> _Task item_
Copy the records below word for word, from the first line through the line that contains "Hannochs Sonic Multipack", and leave out any pictures.

[Source records]
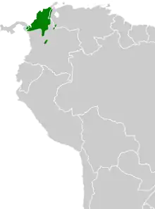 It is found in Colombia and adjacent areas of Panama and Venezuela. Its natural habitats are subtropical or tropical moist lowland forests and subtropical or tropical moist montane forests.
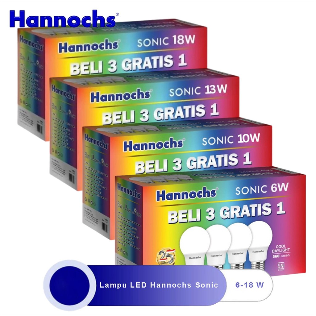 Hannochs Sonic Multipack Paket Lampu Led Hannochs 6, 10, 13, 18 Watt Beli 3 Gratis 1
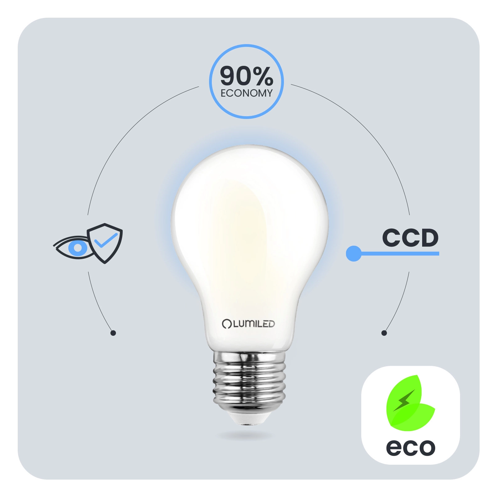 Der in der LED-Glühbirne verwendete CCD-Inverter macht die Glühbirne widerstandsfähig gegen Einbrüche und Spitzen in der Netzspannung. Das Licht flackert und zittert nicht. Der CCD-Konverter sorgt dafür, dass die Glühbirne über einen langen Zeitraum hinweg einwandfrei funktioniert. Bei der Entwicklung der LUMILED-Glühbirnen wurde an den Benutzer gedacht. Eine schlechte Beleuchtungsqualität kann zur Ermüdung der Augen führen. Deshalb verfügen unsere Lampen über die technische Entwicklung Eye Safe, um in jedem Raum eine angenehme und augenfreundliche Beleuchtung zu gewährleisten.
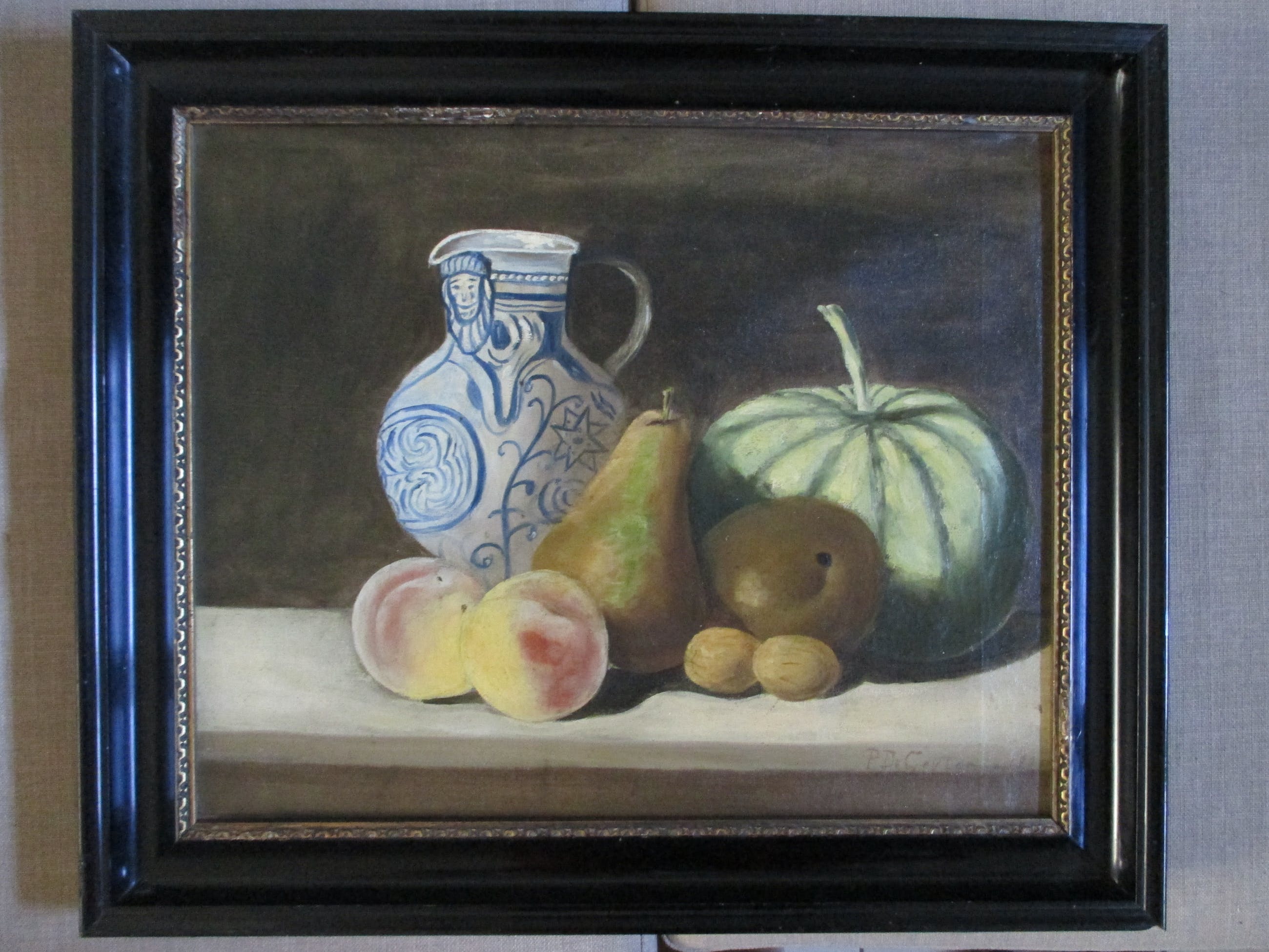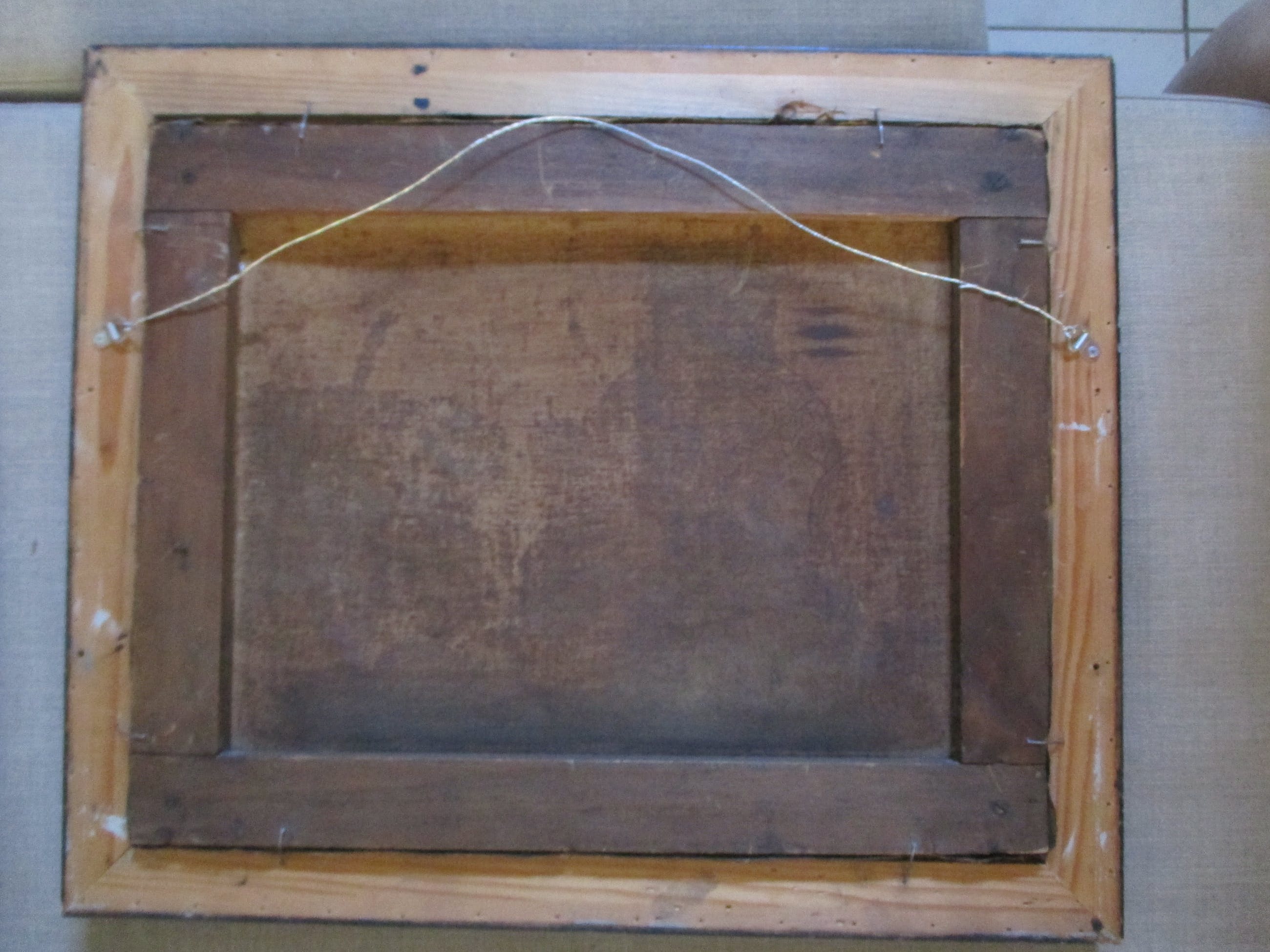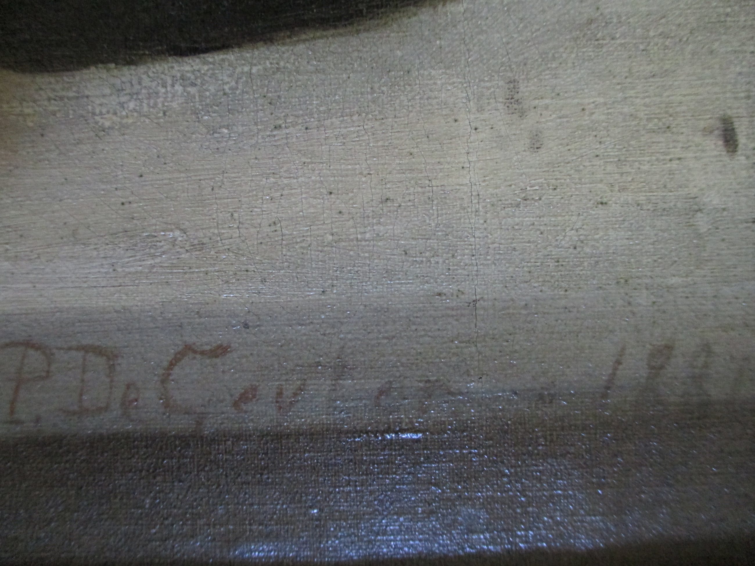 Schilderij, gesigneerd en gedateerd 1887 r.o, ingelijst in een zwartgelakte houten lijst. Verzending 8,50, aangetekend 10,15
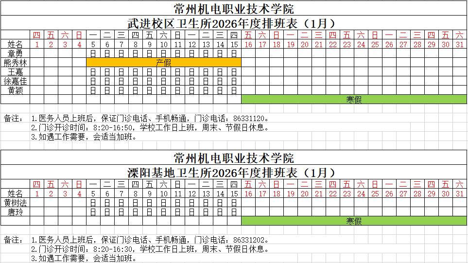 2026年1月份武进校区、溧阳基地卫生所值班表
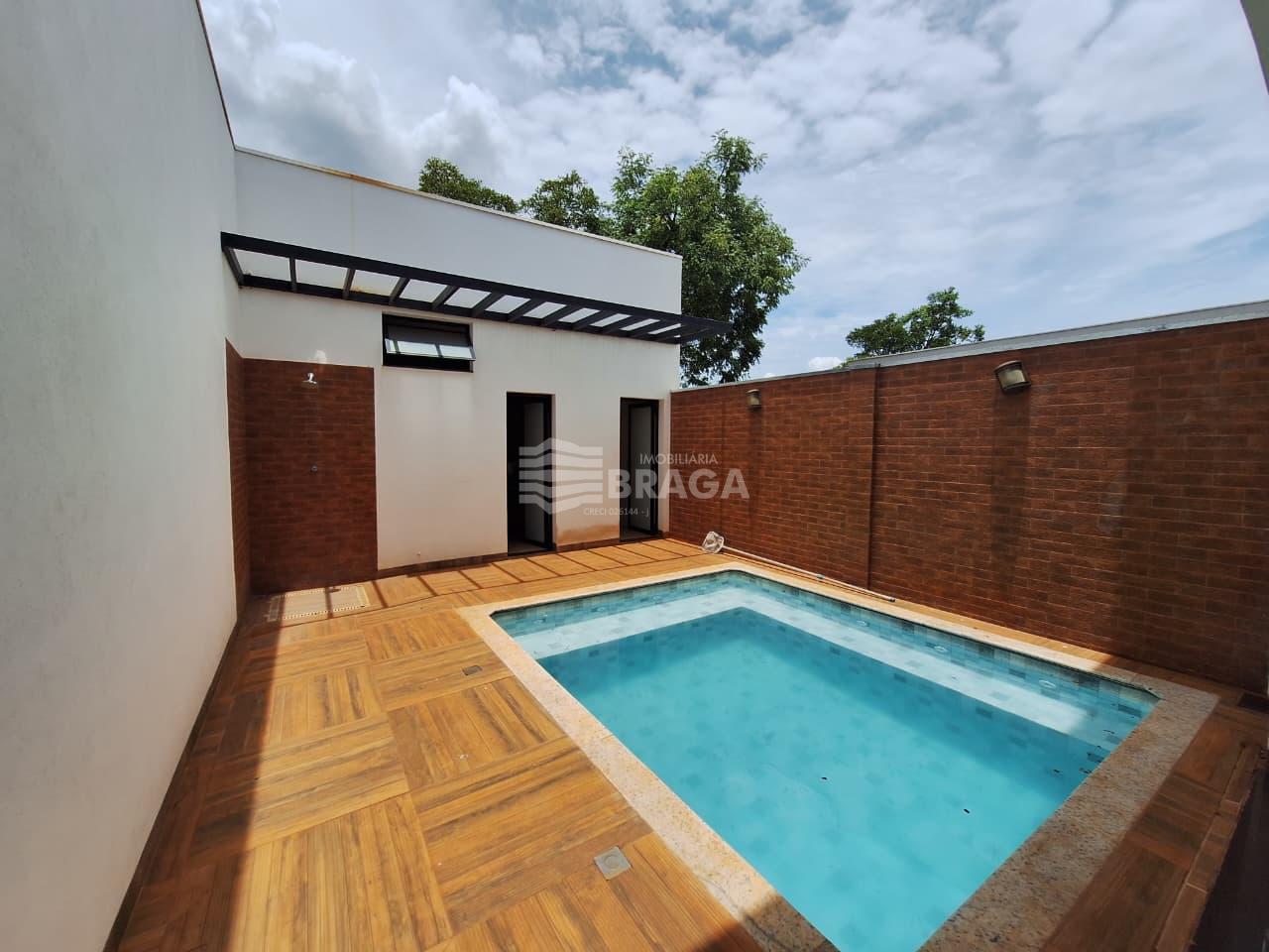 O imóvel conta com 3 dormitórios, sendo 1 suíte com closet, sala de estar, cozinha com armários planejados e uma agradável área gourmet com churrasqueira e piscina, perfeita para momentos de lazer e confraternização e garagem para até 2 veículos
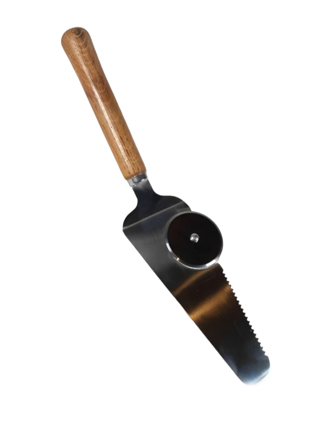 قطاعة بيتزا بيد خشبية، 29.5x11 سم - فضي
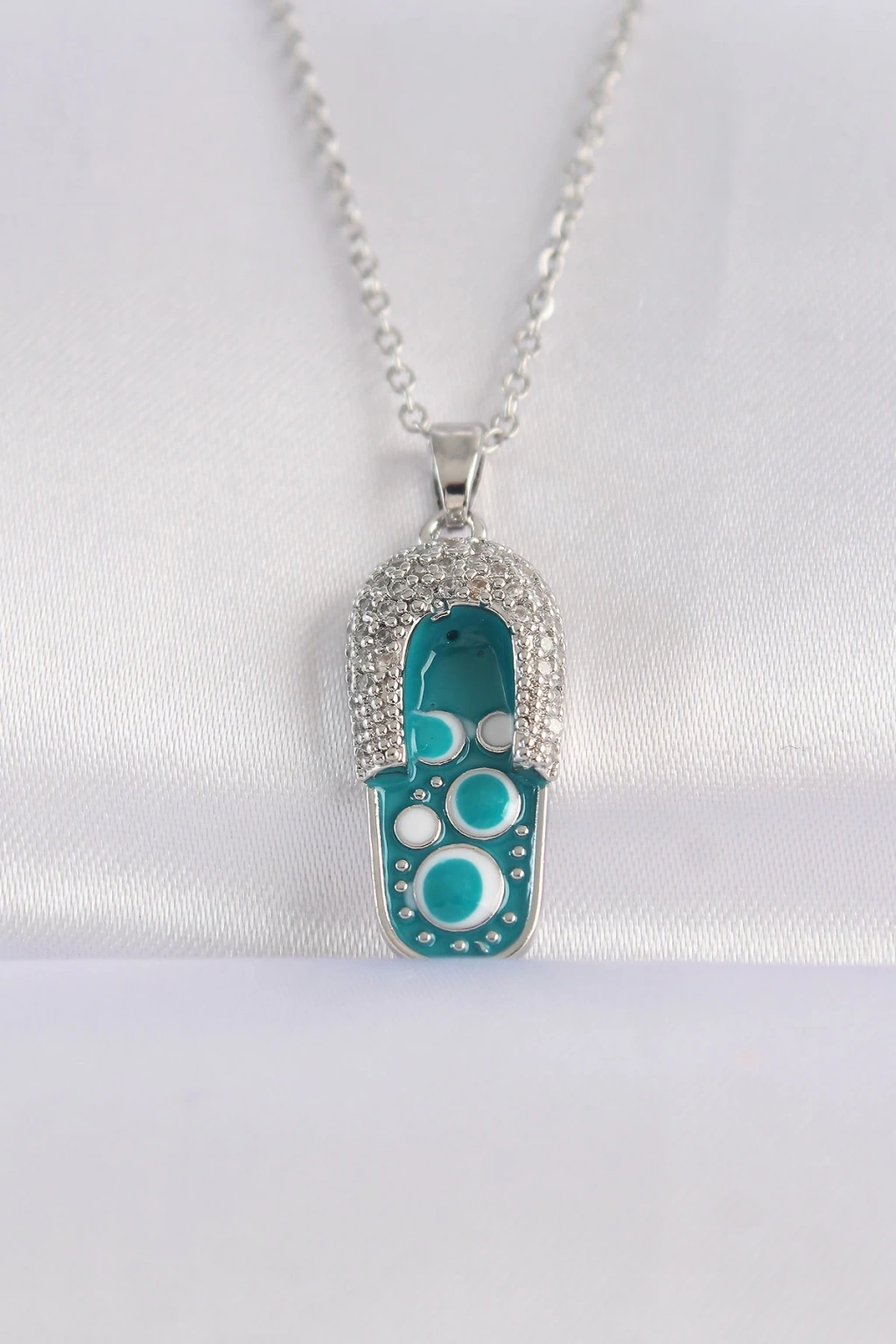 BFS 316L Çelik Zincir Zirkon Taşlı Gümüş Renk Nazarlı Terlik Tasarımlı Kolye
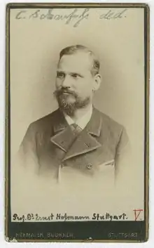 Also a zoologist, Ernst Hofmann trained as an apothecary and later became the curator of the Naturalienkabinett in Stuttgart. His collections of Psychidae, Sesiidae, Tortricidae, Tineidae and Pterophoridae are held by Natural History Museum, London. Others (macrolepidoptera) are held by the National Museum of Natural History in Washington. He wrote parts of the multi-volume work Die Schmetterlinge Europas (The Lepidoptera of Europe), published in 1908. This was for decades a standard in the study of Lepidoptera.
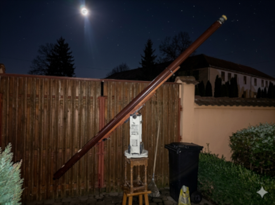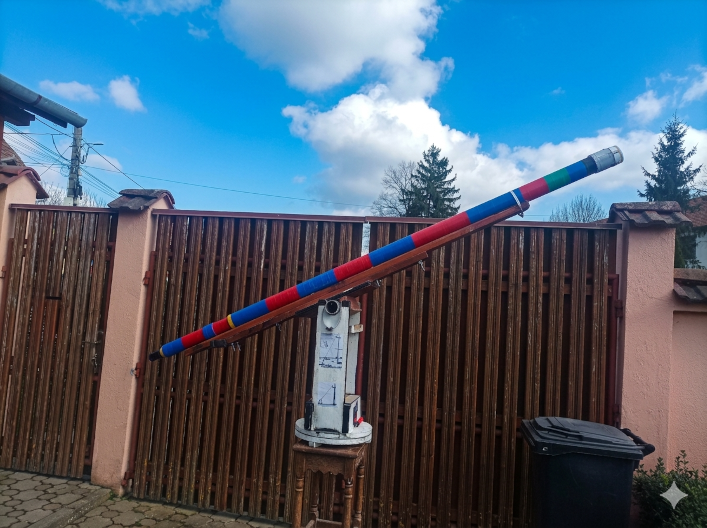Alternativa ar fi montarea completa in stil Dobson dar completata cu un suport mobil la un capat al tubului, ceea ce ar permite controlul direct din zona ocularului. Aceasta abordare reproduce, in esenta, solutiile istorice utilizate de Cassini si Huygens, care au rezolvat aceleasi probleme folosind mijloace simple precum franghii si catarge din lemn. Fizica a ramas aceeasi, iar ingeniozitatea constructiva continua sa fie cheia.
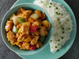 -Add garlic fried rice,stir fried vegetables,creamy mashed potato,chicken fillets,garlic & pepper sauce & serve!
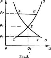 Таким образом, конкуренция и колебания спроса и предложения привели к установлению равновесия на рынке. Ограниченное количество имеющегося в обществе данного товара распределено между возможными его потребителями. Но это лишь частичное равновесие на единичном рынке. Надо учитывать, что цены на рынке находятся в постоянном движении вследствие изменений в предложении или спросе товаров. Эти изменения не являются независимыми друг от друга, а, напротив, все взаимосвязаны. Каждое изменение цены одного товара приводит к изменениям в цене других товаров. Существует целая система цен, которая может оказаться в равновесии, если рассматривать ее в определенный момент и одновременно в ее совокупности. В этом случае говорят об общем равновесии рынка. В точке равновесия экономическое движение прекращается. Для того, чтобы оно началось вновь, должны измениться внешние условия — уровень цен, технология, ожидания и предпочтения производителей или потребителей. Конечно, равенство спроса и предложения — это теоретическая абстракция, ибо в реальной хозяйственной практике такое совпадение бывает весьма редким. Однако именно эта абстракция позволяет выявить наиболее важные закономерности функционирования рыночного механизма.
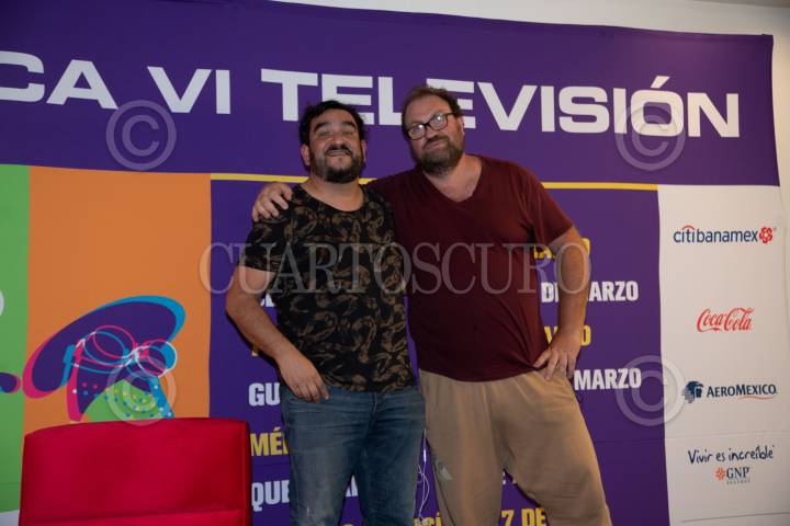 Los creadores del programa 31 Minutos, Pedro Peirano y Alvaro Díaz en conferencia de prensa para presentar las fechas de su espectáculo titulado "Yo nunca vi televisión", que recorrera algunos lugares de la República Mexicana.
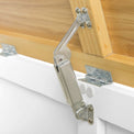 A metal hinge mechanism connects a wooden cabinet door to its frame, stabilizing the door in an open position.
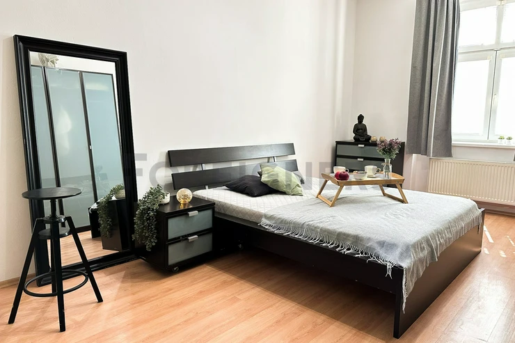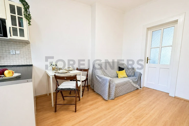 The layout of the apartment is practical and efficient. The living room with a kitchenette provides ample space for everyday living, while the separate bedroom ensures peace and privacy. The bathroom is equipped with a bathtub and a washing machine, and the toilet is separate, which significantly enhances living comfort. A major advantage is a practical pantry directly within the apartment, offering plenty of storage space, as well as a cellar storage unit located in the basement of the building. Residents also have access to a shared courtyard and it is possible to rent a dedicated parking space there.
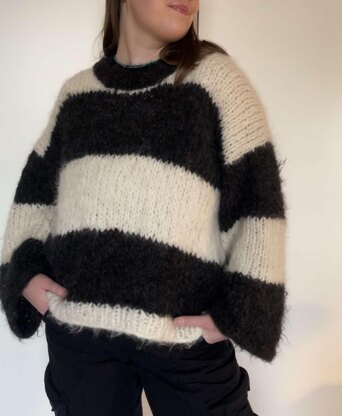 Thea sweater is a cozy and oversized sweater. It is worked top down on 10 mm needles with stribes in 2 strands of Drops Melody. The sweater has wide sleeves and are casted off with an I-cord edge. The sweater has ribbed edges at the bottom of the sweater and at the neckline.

> _Task output_
 It is found in Colombia and adjacent areas of Panama and Venezuela. Its natural habitats are subtropical or tropical moist lowland forests and subtropical or tropical moist montane forests.
 Hannochs Sonic Multipack Paket Lampu Led Hannochs 6, 10, 13, 18 Watt Beli 3 Gratis 1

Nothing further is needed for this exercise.